* PROBLEM DETAILS *
A faithful, word-for-word copy of the data below is required, without pictures.

(MATERIAL FOR THIS EXERCISE Opens)

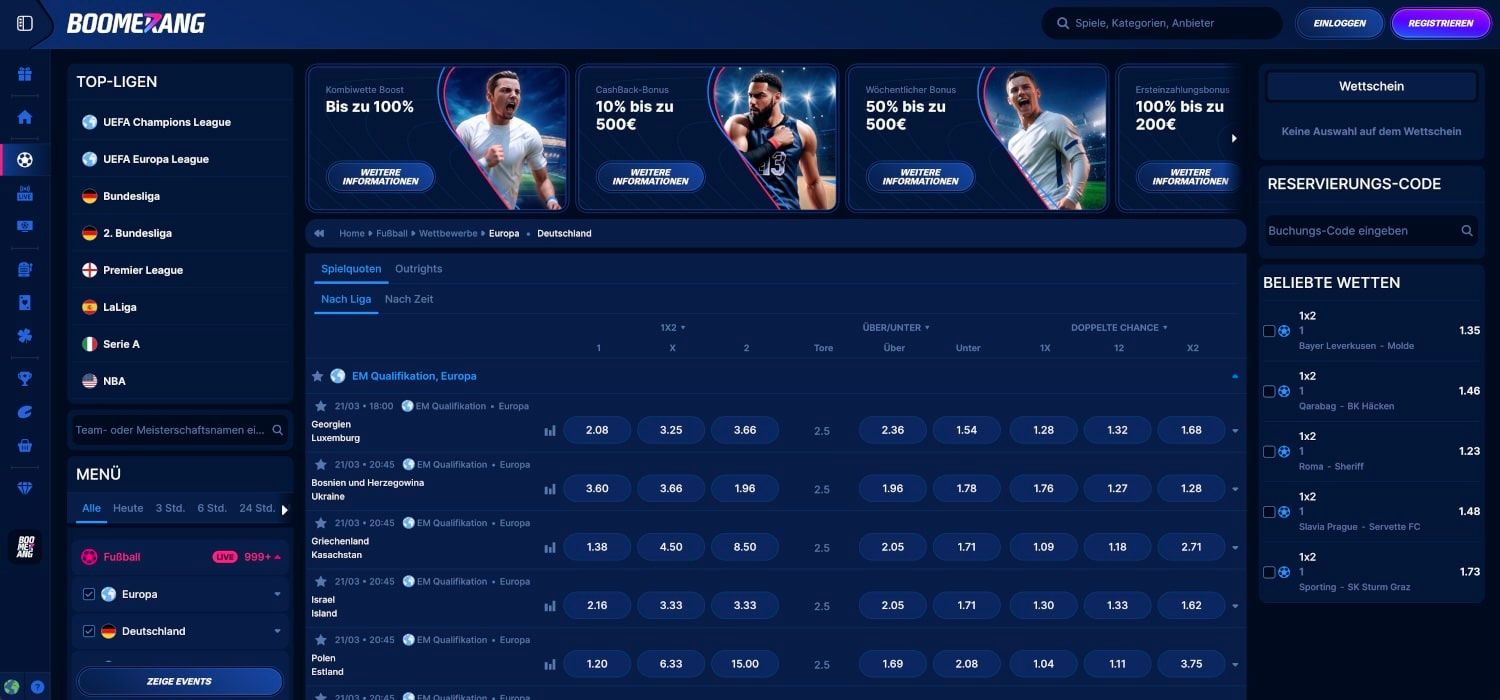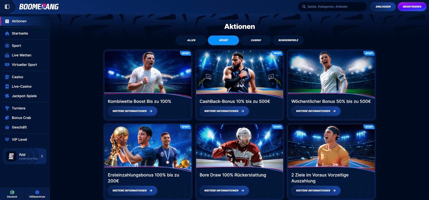 Boomerang Bet Sportwetten auf einen Blick
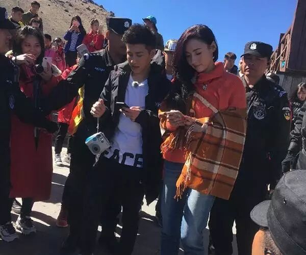 网红小景和气质女神郭碧婷合影,经常被造型师和化妆师联手坑的郭碧婷在路人的镜头里超级美!
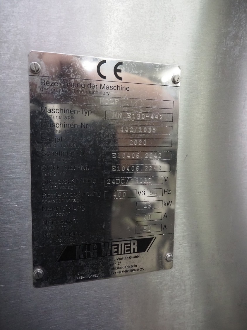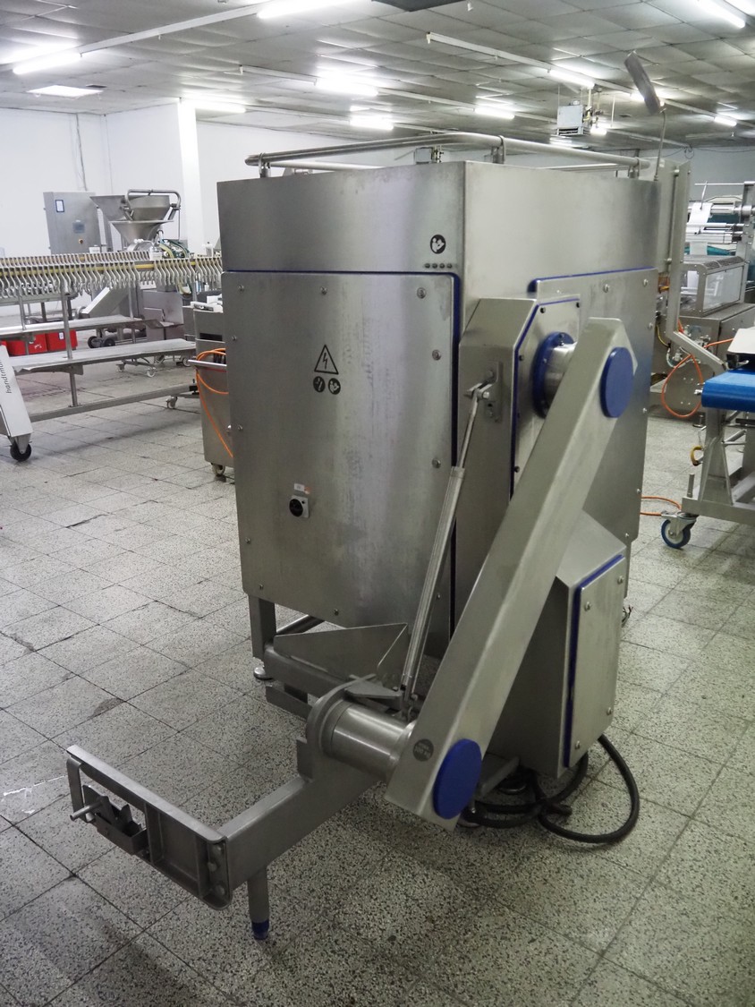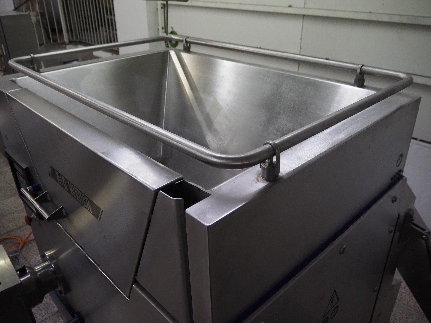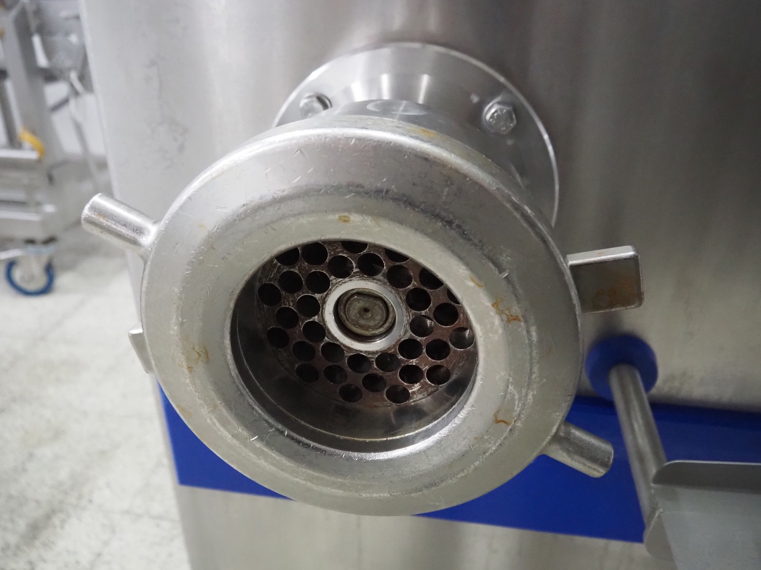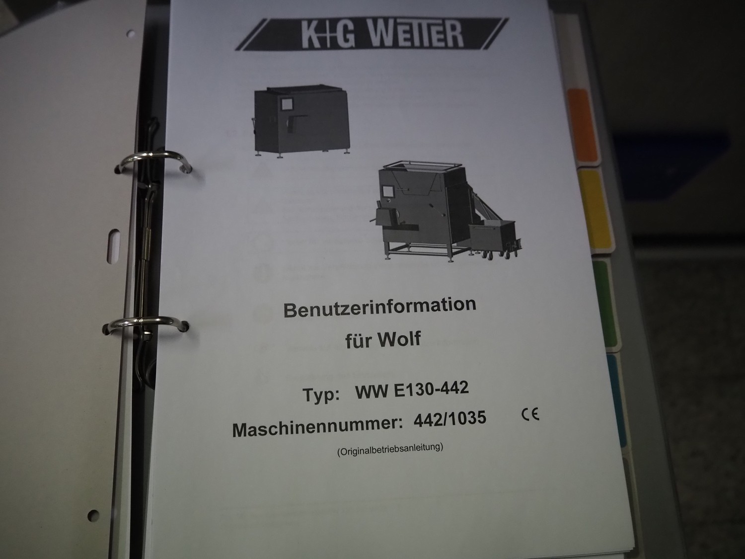 K+G Wetter grinder with lifter for 200 liter meat bins, type: WW E130-442, machine number: 442/1035, year of construction: 2020, 400 V, 3 Ph, 50 Hz, 40/50 A, 19 kW, plate diameter: 130 mm, total dimensions: 2600 mm x 1750 mm x 2200 mm. Including s/s tool trolley, dimensions: 850 mm x 800 mm x 1000 mm.
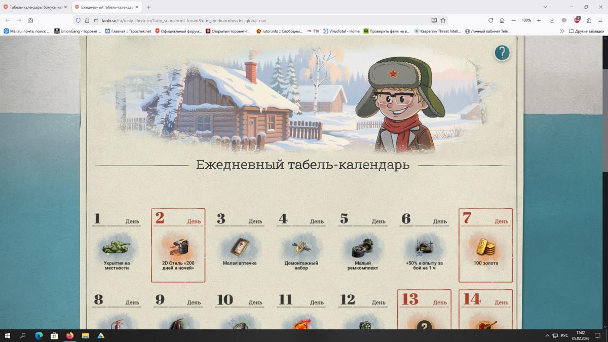chipcard Опубликовано: 7 февраля Игроки 17 848 публикаций 55 052 боя Жалоба Поделиться Опубликовано: 7 февраля 06 фев 2026 - 22:42 пользователь taleyko20 сказал:Табель - календарь, это Отличные ежедневные плюшки, которые я каждый день, забираю! ! Спасибо! Так держать! Стоп! Снято! Пройдите в кассу за гонораром Ссылка на комментарий Поделиться на других сайтах Другие способы поделиться...
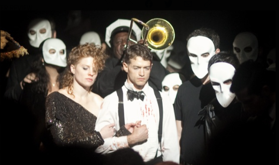 여기서 저 흰 가면 쓴 사람들이 관객이야 공연 중에 관객은 저 가면을 쓰고 있어야 해
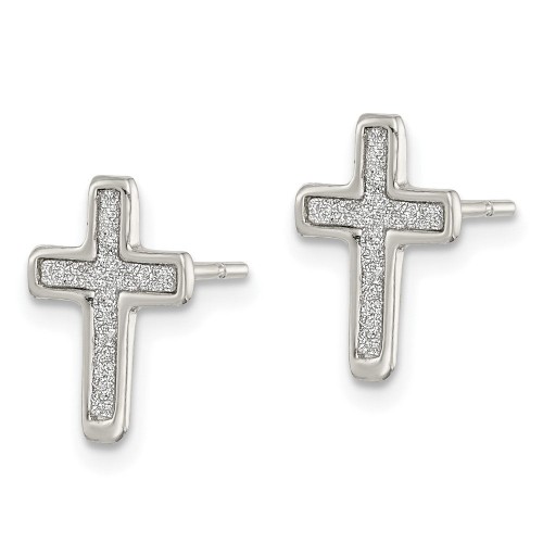Sterling Silver Polished Glitter Infused Latin Cross Post Earrings
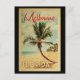 A uniquely retro mid-century modern Melbourne Florida art print in vintage travel poster style. It features a curved palm tree on sandy beach with ocean under a blue cloudy sky.
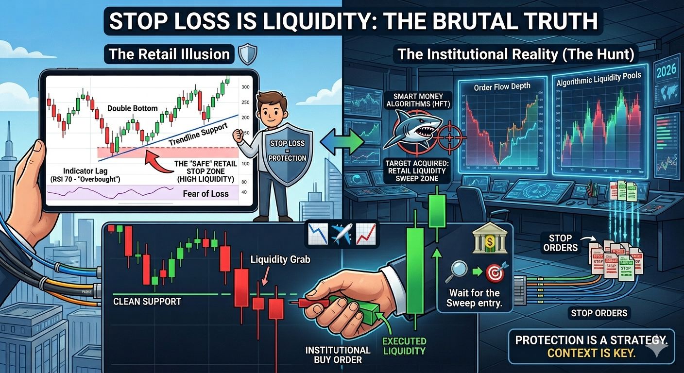 Let’s get real for a second. 🧠 You’ve been told that a Stop Loss (SL) is your "insurance policy." You’ve been taught to tuck it neatly under a support level to "stay safe."
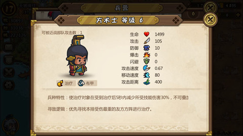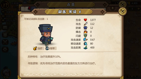 医官是最普通的治疗兵种,最要用来治疗友军,基本上没有任何输出能力,但是作为治疗,在后期是非常重要的,为了最大化提升前排盾兵的防守能力,后排的治疗至关重要!
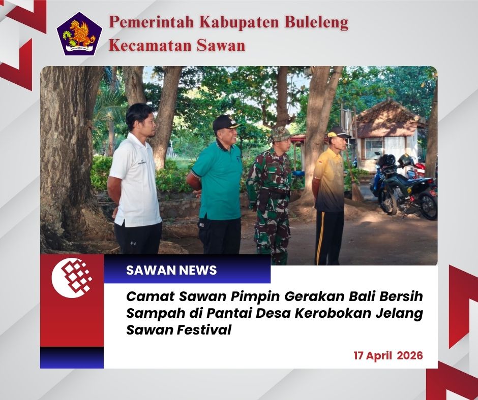 Hari ini Jumat, 17 April 2026 Camat Sawan, I Ketut Cantyana, SP, memimpin langsung kegiatan Gerakan Bali Bersih Sampah yang dilaksanakan di kawasan Pantai Desa Kerobokan, Kecamatan Sawan. Kegiatan ini merupakan wujud nyata komitmen bersama dalam menjaga kebersihan lingkungan sekaligus sebagai persiapan menyambut Sawan Festival.
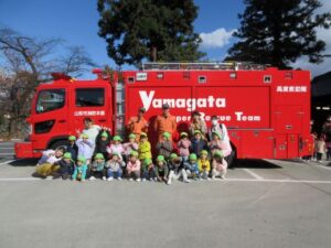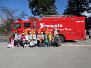 当日は、消防署の方がはしご車に乗ってきてくださいました。
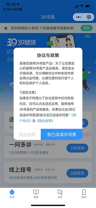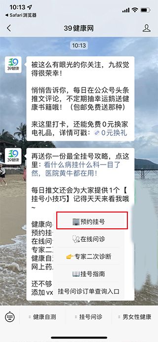 3、关注39健康网进行挂号。
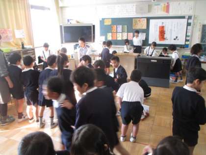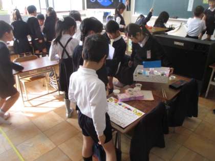 1年生の教室がとってもにぎやかです。お祭りかな?
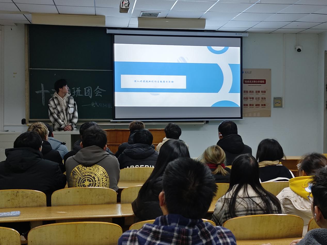 12月20日晚七点,仪器12201团支部在东13教D524开展十二月班团会。在班团会上,主持人刘雅欣同学带领同学们学习“挺膺担当”专题,深入学习习近平总书记关于青年工作的重要思想,重点学习习近平总书记对青年一代的殷切希望和重要要求,激发强国有我的青春激情,争做有理想、敢担当、能吃苦、肯奋斗的新时代好青年,在中国式现代化建设中挺膺担当。刘雅欣同学带领班上同学深入开展就业引航主题团日活动,许多同学对自己未来的职业规划畅所欲言,大家对将来就业岗位产生激烈讨论,这不仅帮助学生们强化了就业意识,也初步明确了就业发展方向。最后,刘雅欣督促同学们参与“青年大学习”网上主题团课学习。
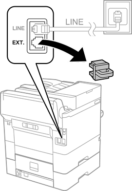 1つの電話回線で、ファクスと電話の両方を使用するときは、お手持ちの電話機を外付け電話機としてプリンターに接続します。
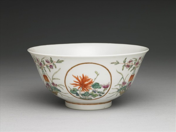微撇口,深壁,平底,圈足。外壁以五彩釉料繪圖,有三圓形開光分列三面,褐色邊框中各繪菊花紋,四瓣花,芙蓉花及月季。開光隙地繪一瓶中插桃花,前有一籃放置蓮花及桃實;碗心繪一折枝桃花,圈足繪一圈褐色弦紋。底有紅書「洪憲年製」四字雙行楷款,與故瓷18340為一對。
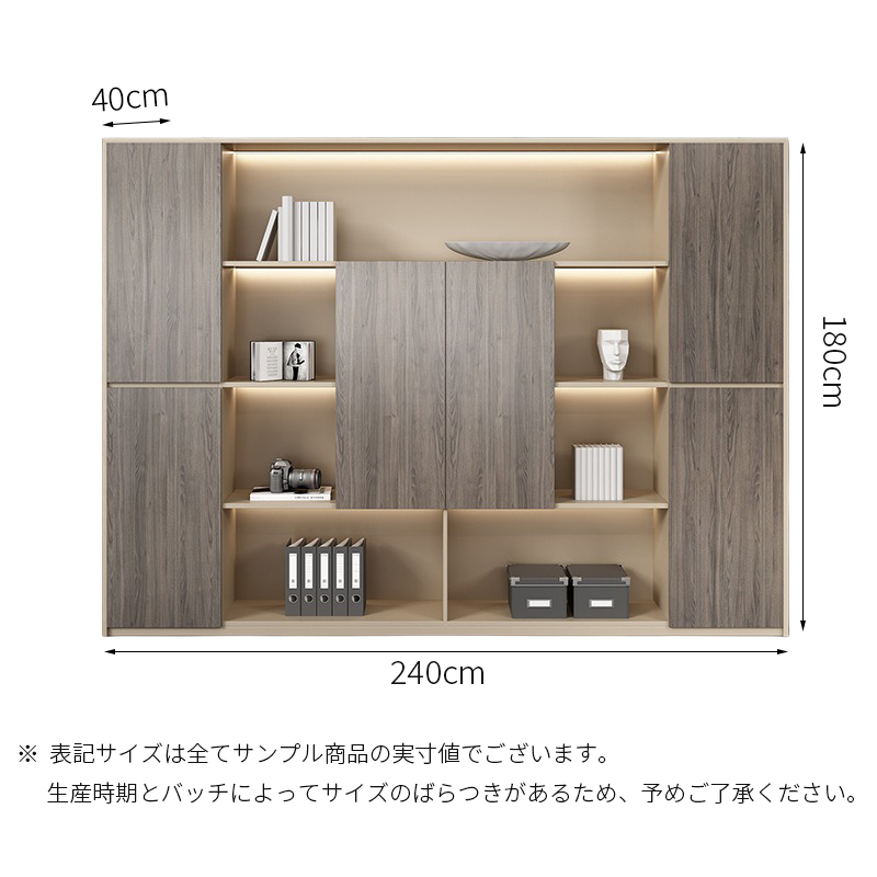 内部に施された間接照明が収納物を引き立て、壁面に奥行きと静かな高級感を添えます。
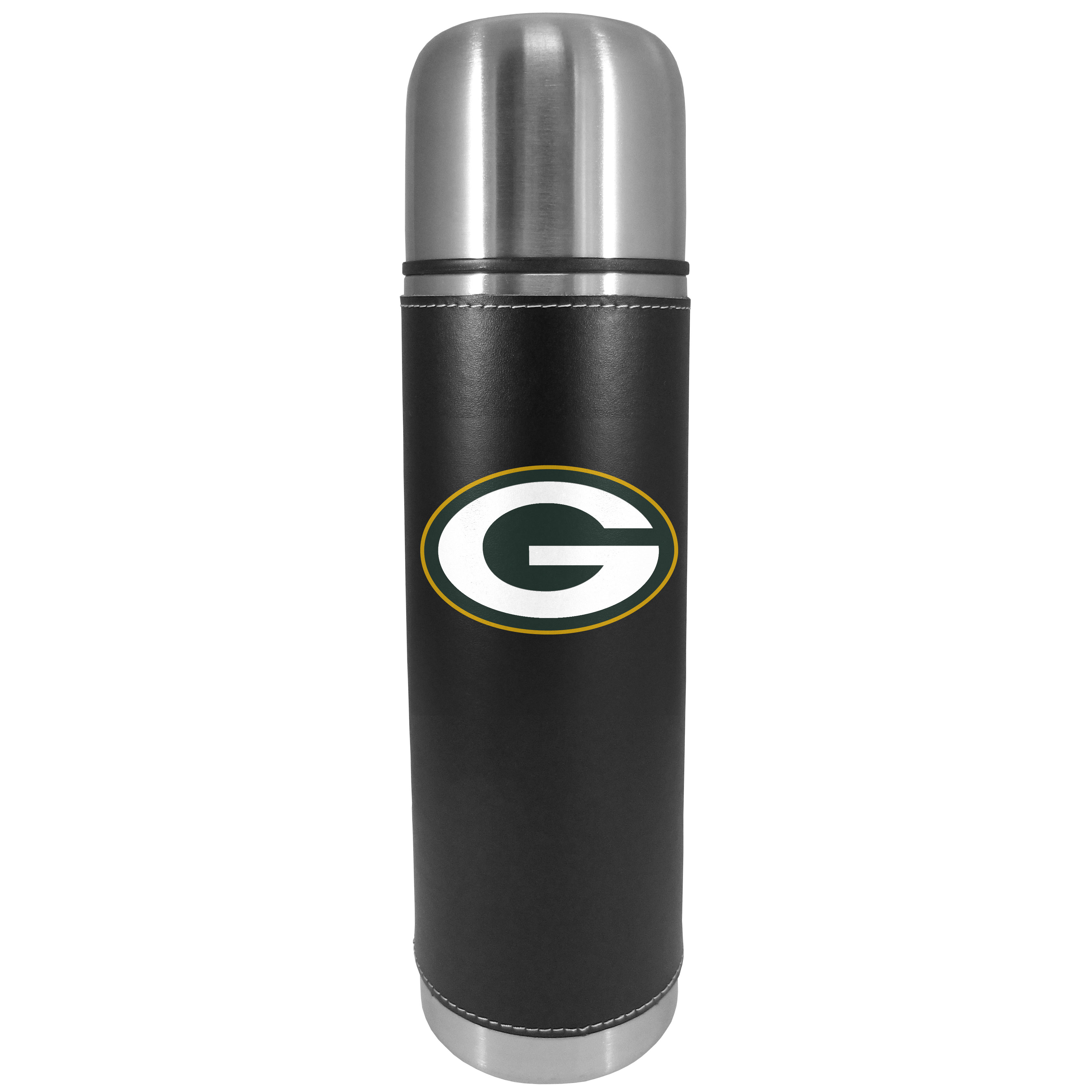 This attractive, 26 ounce Green Bay Packers thermos is a great way to keep your beverages hot while on the go. The 11 inch tall, vacuum sealed thermos features a black vinyl wrap with stitched details and a digitally printed team logo. The lid screws on and can be used as a cup.

(MATERIAL FOR THIS EXERCISE Closes)

* TASK ANSWER *
 Boomerang Bet Sportwetten auf einen Blick
 网红小景和气质女神郭碧婷合影,经常被造型师和化妆师联手坑的郭碧婷在路人的镜头里超级美!
 K+G Wetter grinder with lifter for 200 liter meat bins, type: WW E130-442, machine number: 442/1035, year of construction: 2020, 400 V, 3 Ph, 50 Hz, 40/50 A, 19 kW, plate diameter: 130 mm, total dimensions: 2600 mm x 1750 mm x 2200 mm. Including s/s tool trolley, dimensions: 850 mm x 800 mm x 1000 mm.
chipcard Опубликовано: 7 февраля Игроки 17 848 публикаций 55 052 боя Жалоба Поделиться Опубликовано: 7 февраля 06 фев 2026 - 22:42 пользователь taleyko20 сказал:Табель - календарь, это Отличные ежедневные плюшки, которые я каждый день, забираю! ! Спасибо! Так держать! Стоп! Снято! Пройдите в кассу за гонораром Ссылка на комментарий Поделиться на других сайтах Другие способы поделиться...
 여기서 저 흰 가면 쓴 사람들이 관객이야 공연 중에 관객은 저 가면을 쓰고 있어야 해
Sterling Silver Polished Glitter Infused Latin Cross Post Earrings
 A uniquely retro mid-century modern Melbourne Florida art print in vintage travel poster style. It features a curved palm tree on sandy beach with ocean under a blue cloudy sky.
 Let’s get real for a second. 🧠 You’ve been told that a Stop Loss (SL) is your "insurance policy." You’ve been taught to tuck it neatly under a support level to "stay safe."
 医官是最普通的治疗兵种,最要用来治疗友军,基本上没有任何输出能力,但是作为治疗,在后期是非常重要的,为了最大化提升前排盾兵的防守能力,后排的治疗至关重要!
 Hari ini Jumat, 17 April 2026 Camat Sawan, I Ketut Cantyana, SP, memimpin langsung kegiatan Gerakan Bali Bersih Sampah yang dilaksanakan di kawasan Pantai Desa Kerobokan, Kecamatan Sawan. Kegiatan ini merupakan wujud nyata komitmen bersama dalam menjaga kebersihan lingkungan sekaligus sebagai persiapan menyambut Sawan Festival.
 当日は、消防署の方がはしご車に乗ってきてくださいました。
 3、关注39健康网进行挂号。
 1年生の教室がとってもにぎやかです。お祭りかな?
 12月20日晚七点,仪器12201团支部在东13教D524开展十二月班团会。在班团会上,主持人刘雅欣同学带领同学们学习“挺膺担当”专题,深入学习习近平总书记关于青年工作的重要思想,重点学习习近平总书记对青年一代的殷切希望和重要要求,激发强国有我的青春激情,争做有理想、敢担当、能吃苦、肯奋斗的新时代好青年,在中国式现代化建设中挺膺担当。刘雅欣同学带领班上同学深入开展就业引航主题团日活动,许多同学对自己未来的职业规划畅所欲言,大家对将来就业岗位产生激烈讨论,这不仅帮助学生们强化了就业意识,也初步明确了就业发展方向。最后,刘雅欣督促同学们参与“青年大学习”网上主题团课学习。
 1つの電話回線で、ファクスと電話の両方を使用するときは、お手持ちの電話機を外付け電話機としてプリンターに接続します。
微撇口,深壁,平底,圈足。外壁以五彩釉料繪圖,有三圓形開光分列三面,褐色邊框中各繪菊花紋,四瓣花,芙蓉花及月季。開光隙地繪一瓶中插桃花,前有一籃放置蓮花及桃實;碗心繪一折枝桃花,圈足繪一圈褐色弦紋。底有紅書「洪憲年製」四字雙行楷款,與故瓷18340為一對。
 内部に施された間接照明が収納物を引き立て、壁面に奥行きと静かな高級感を添えます。
 This attractive, 26 ounce Green Bay Packers thermos is a great way to keep your beverages hot while on the go. The 11 inch tall, vacuum sealed thermos features a black vinyl wrap with stitched details and a digitally printed team logo. The lid screws on and can be used as a cup.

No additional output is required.